==== Data supplied

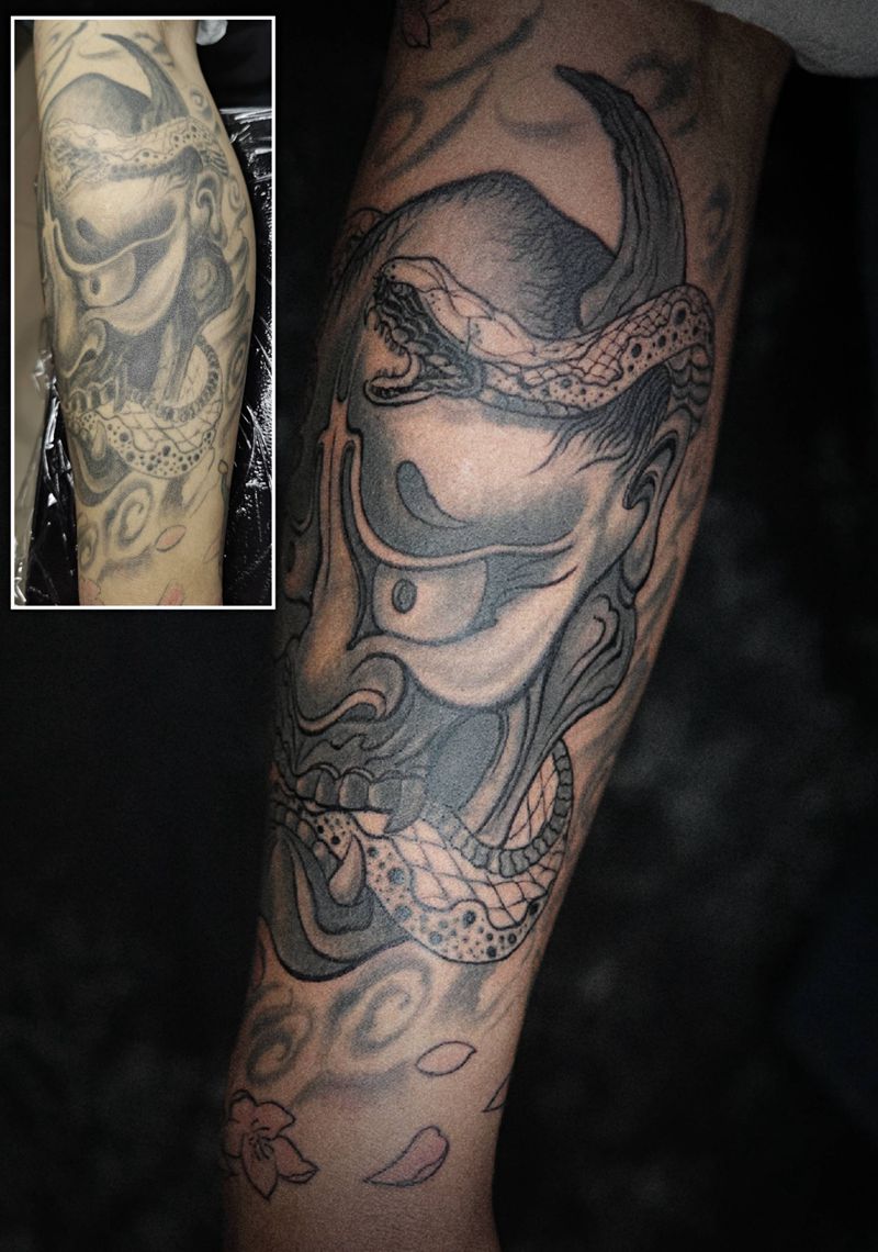 旧图精修未完(线条部分)纹身图片_手臂手部老传统新传统般若遮盖修改纹身图案
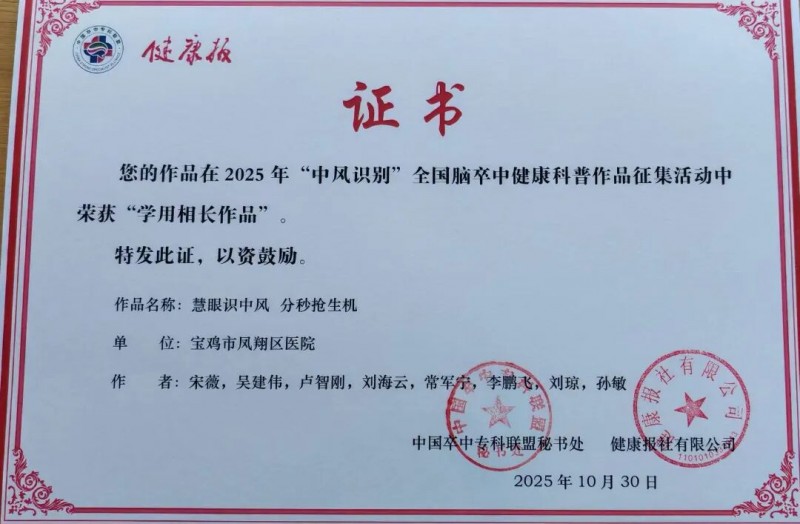 大会期间,另一则捷报传来:在国家卫生健康委百万减残工程专家委员会指导,中国卒中专科联盟与健康报社联合主办的“中风识别”全国脑卒中健康科普作品征集活动中,凤翔区医院卒中中心参赛作品《慧眼识中风、分秒抢生机》从全国500余件作品中脱颖而出,荣获“学用相长作品”国家级殊荣,医院卒中中心医疗总监、神经内科主任宋薇受邀现场领奖。
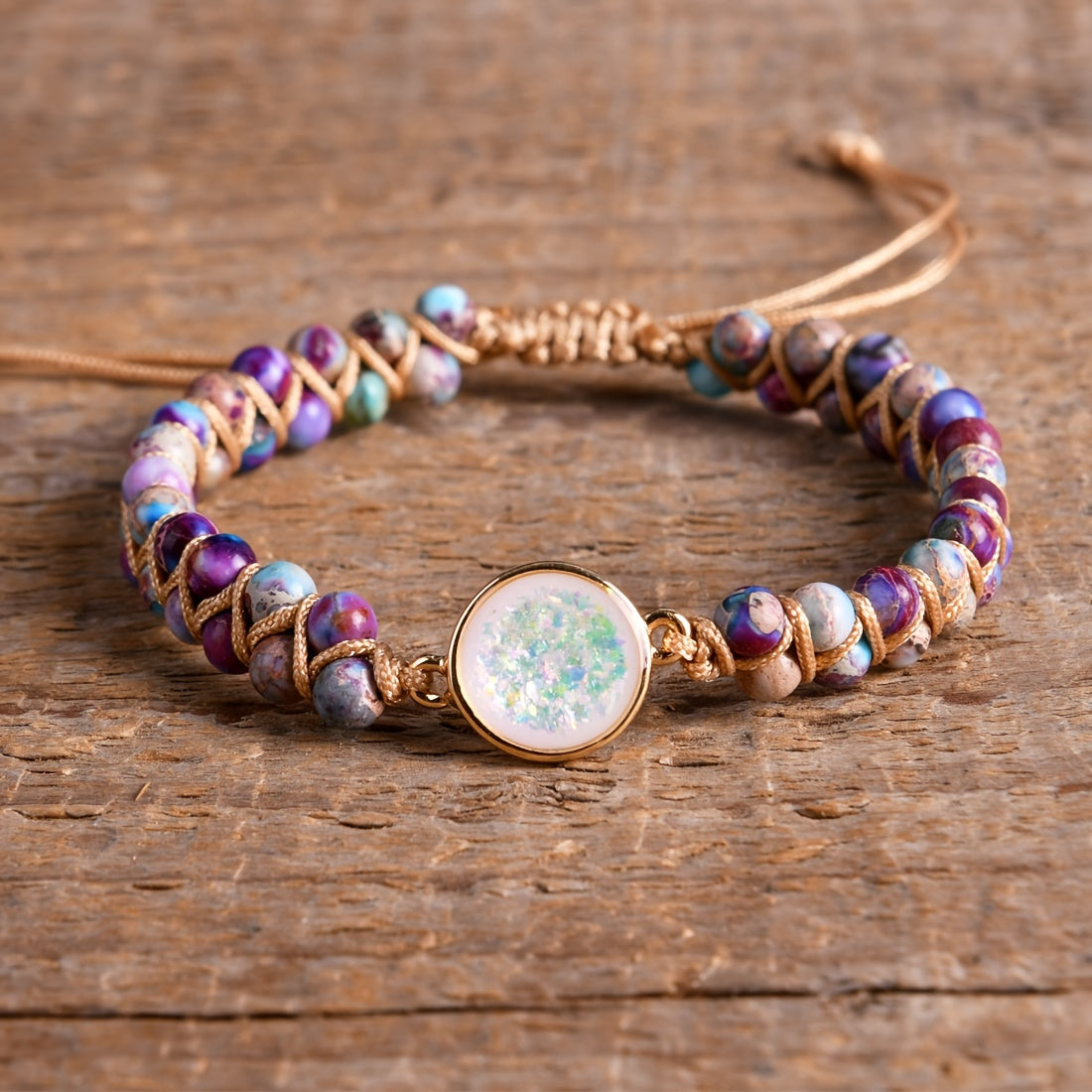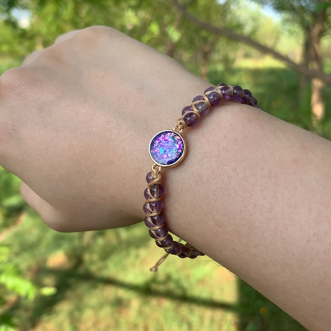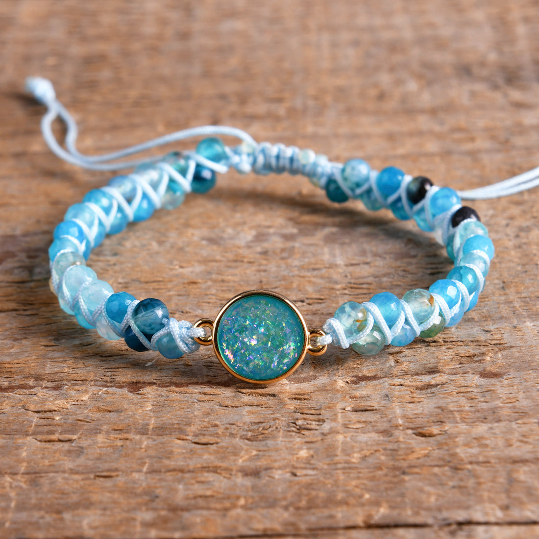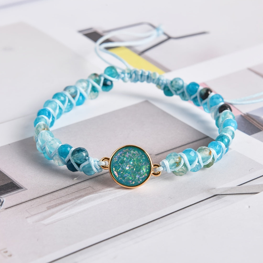 This double layer adjustable bracelet is designed to provide anxiety relief and promote healing during yoga practices. It features geometric beads that add a stylish touch to your outfit.
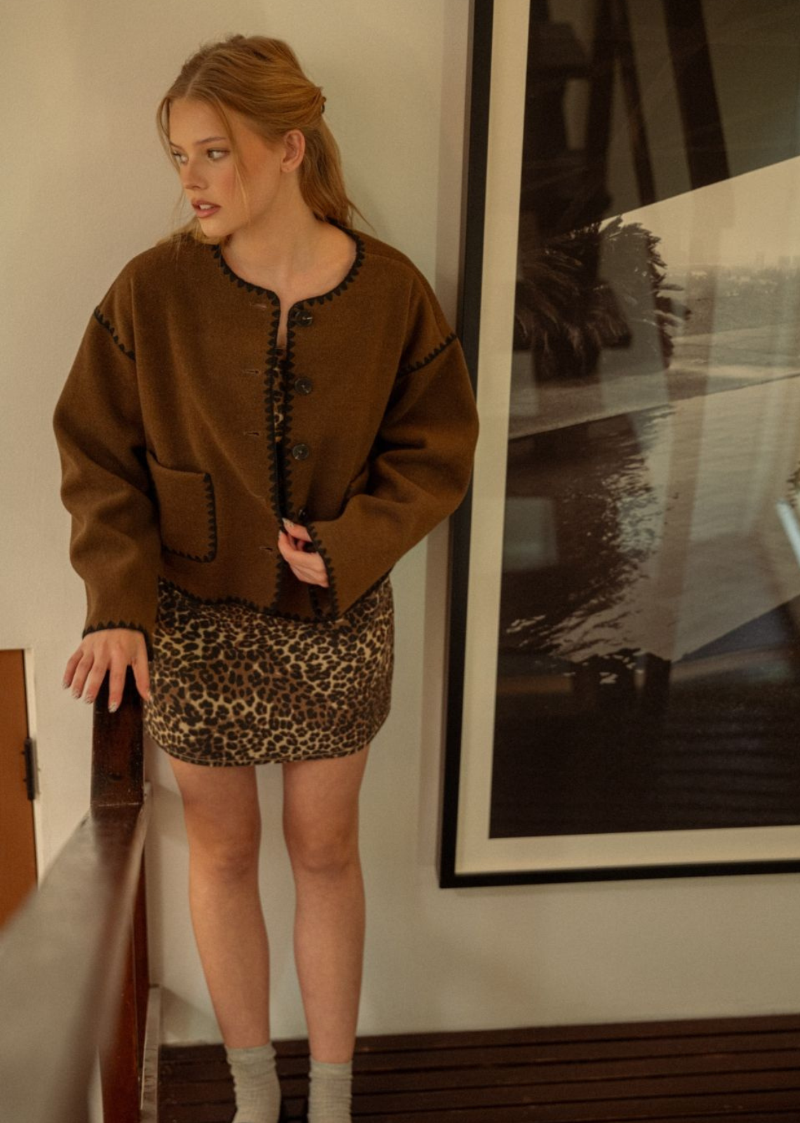 Description: Cropped overshirt jacket crafted from soft textured houndstooth fabric. Features front flap pockets, button down closure, and relaxed dropped shoulders. Soft hand feel with...
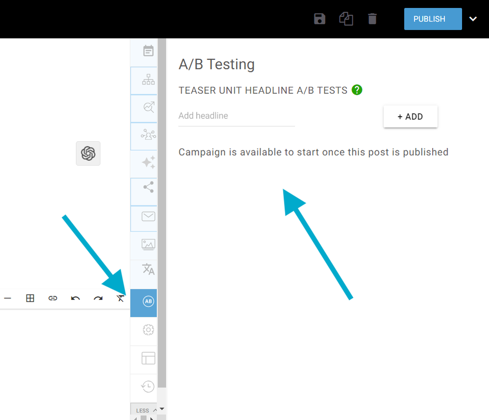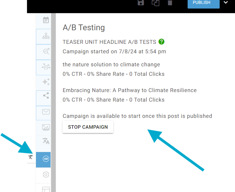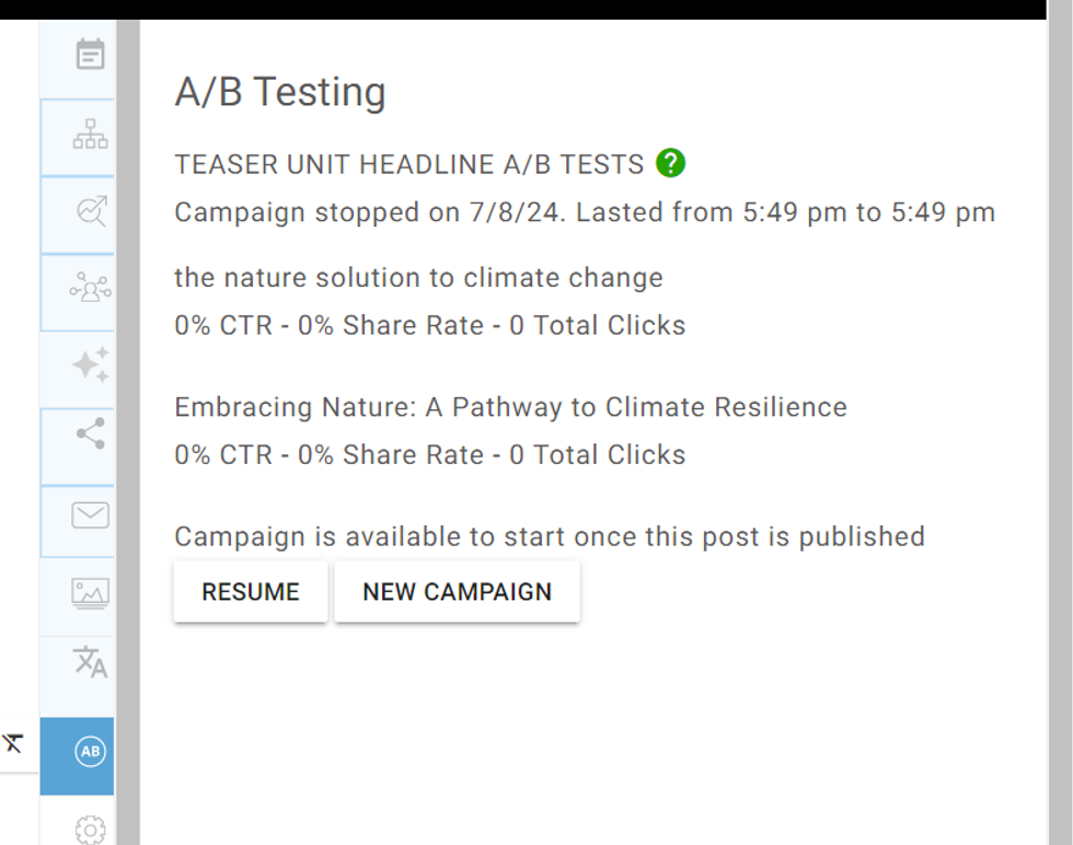 An '+ADD' icon that will make creating new headlines and campaigns a seamless experience for your editors and writers. Once you create new headlines and click on start campaign and you can start tracking each headline's performance. The CTR percentage rate shows how many times users clicked on the headline compared to how many viewed the headline (Clicks/Views) * 100 . The Share Rate percentage rate is calculated by how many times the article is shared with that particular headline.

========

Drop the pictures and give every line above again exactly.

 旧图精修未完(线条部分)纹身图片_手臂手部老传统新传统般若遮盖修改纹身图案
 大会期间,另一则捷报传来:在国家卫生健康委百万减残工程专家委员会指导,中国卒中专科联盟与健康报社联合主办的“中风识别”全国脑卒中健康科普作品征集活动中,凤翔区医院卒中中心参赛作品《慧眼识中风、分秒抢生机》从全国500余件作品中脱颖而出,荣获“学用相长作品”国家级殊荣,医院卒中中心医疗总监、神经内科主任宋薇受邀现场领奖。
 This double layer adjustable bracelet is designed to provide anxiety relief and promote healing during yoga practices. It features geometric beads that add a stylish touch to your outfit.
 Description: Cropped overshirt jacket crafted from soft textured houndstooth fabric. Features front flap pockets, button down closure, and relaxed dropped shoulders. Soft hand feel with...
 An '+ADD' icon that will make creating new headlines and campaigns a seamless experience for your editors and writers. Once you create new headlines and click on start campaign and you can start tracking each headline's performance. The CTR percentage rate shows how many times users clicked on the headline compared to how many viewed the headline (Clicks/Views) * 100 . The Share Rate percentage rate is calculated by how many times the article is shared with that particular headline.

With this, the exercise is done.